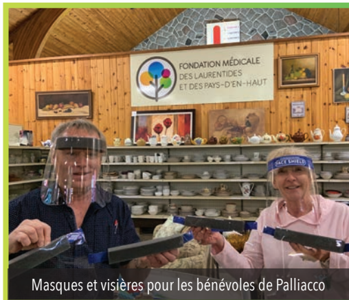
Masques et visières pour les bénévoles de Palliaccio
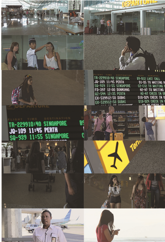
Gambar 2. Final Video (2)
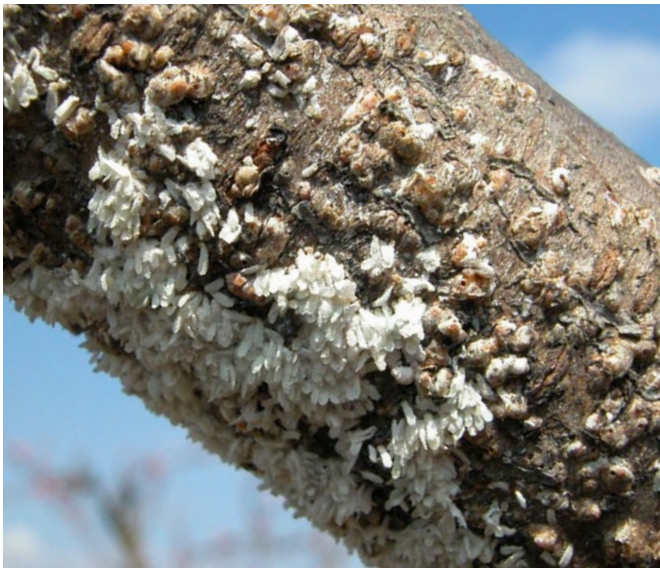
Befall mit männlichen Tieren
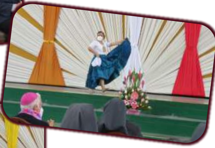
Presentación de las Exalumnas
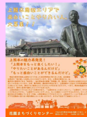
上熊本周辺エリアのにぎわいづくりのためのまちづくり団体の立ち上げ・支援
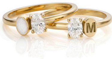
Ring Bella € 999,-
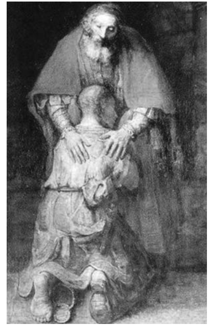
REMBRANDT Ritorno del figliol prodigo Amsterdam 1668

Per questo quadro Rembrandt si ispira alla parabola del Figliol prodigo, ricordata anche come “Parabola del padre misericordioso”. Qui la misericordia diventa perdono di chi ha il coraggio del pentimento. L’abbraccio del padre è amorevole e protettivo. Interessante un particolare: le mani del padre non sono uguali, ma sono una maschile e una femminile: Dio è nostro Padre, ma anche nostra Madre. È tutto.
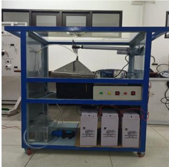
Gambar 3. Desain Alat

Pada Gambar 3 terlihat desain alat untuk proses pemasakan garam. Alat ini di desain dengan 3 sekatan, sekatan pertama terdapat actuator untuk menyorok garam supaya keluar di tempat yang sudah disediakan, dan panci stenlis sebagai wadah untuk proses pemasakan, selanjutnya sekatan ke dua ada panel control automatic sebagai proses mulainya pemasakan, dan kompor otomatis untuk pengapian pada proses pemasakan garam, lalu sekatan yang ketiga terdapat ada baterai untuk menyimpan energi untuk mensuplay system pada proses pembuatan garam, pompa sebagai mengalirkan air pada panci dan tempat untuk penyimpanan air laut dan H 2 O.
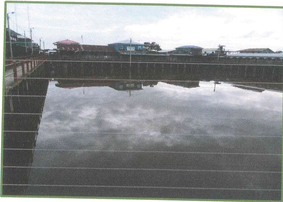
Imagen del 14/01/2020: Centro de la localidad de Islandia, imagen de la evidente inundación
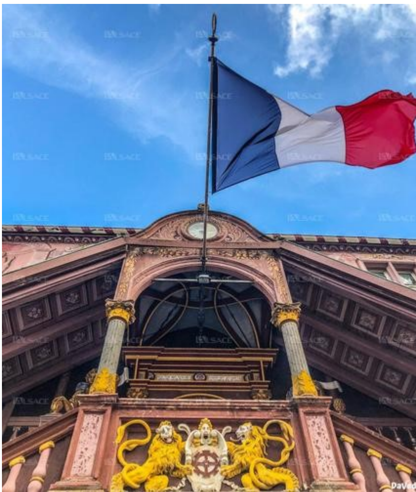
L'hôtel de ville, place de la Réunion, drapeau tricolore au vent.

····················

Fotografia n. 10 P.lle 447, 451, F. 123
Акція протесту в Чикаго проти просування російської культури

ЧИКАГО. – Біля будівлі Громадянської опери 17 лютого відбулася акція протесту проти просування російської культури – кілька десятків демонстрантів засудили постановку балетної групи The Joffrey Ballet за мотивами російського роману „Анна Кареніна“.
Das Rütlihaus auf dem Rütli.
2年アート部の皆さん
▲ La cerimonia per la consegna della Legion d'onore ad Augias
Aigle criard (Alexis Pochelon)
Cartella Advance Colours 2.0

····················

YOUR ASSIGNMENT: After reading the records above, work out how many lines contain "проти" and give that number only.

WORKED SOLUTION: 2